Katherine had been jealous.
Jonah could just picture her standing in the kitchen at age five or six, wispy blond pigtails sticking out on both sides of her head, a scowl on her face, complaining, “Weren’t you lucky to get me, too? Aren’t I a miracle?”
Mom had bent down and kissed her.
“Of course you’re a miracle too,” she said. “A big miracle. But we had nine months to know you were coming. With Jonah, we thought it would be years and years and years before we’d get a baby, and then that call came out of the blue—”

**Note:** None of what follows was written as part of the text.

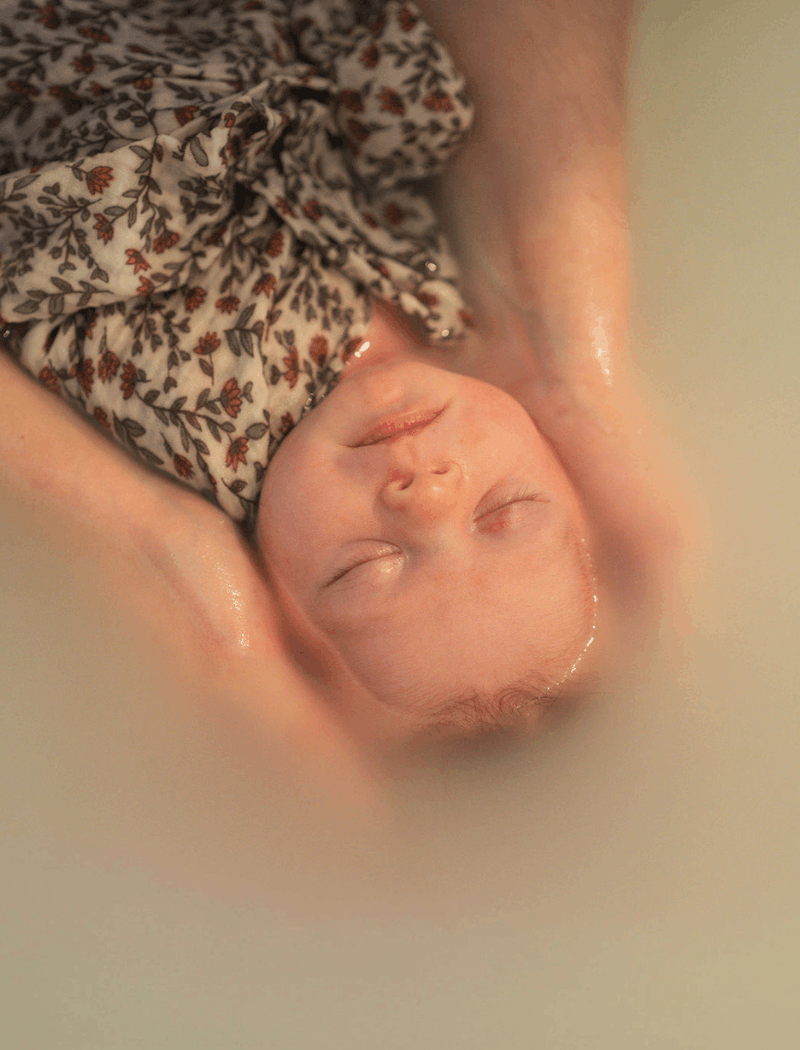 Ce bain d’accueil, enveloppe le nouveau-né dans des sensations qui prolongent celles vécues in utéro. Porté par l’eau et sa chaleur et entouré d’un lange, le bébé peut libérer, déposer ses émotions.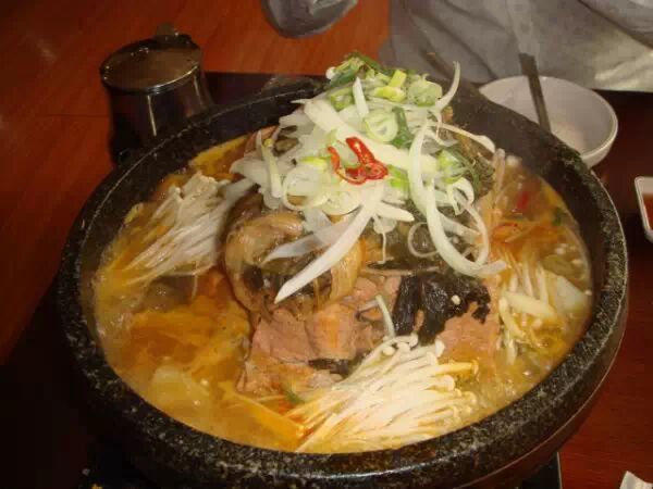 土豆排骨汤,韩国的很多汤类都非常符合中国人的口味,这道土豆排骨汤也是其中之一。加入足量的大排骨,土豆,蔬菜炖煮而成。很多店家为了让排骨入味,会事先炖煮很长时间。味道浓郁成为受到中国游客欢迎的韩国美食之一。

“The week before Christmas—” Dad added.
“And they said we could have him right away, and he was so cute, with his big eyes and his dimples and all that brown hair—”
“And then a year later, lovely Katherine came along—” Dad reached over and put his arm around her waist, pulling her close, until she giggled. “And we had a boy and a girl, and we were so happy because we had everything we wanted.”
Jonah’s parents could be so sappy. He didn’t have too many gripes about them—as parents went, they were pretty decent. But they told that story way too often about how excited they’d been, getting that call out of the blue, getting Jonah.
Also, if he was listing grievances, he often wished that they’d had the sense not to name him after a guy who got swallowed up by a whale. But that was kind of a minor thing.
Now he aimed carefully and sent the ball whooshing through the net. It went through cleanly—the perfect shot.
Chip flopped down onto the grass beside the driveway.
“Man,” he said. “You’re going to make the basketball team for sure.”
Jonah caught the ball as it fell through the net.
“Who says I’m trying out?”
Chip leaned forward.
“Well, aren’t you?” he asked. “You’ve got to! That’s, like, what everyone wants! The basketball players get all the chicks!”
This sounded so ridiculous coming out of Chip’s mouth that Jonah fell into the grass laughing. After a moment, Chip started laughing too. It was like being a little kid again, rolling around in the grass laughing, not caring at all about who might see you.
Jonah stopped laughing and sat up. He peered up and down the street—fortunately, nobody was around to see them. He whacked Chip on the arm.
“So,” he said. “Do you have a crush on my sister?”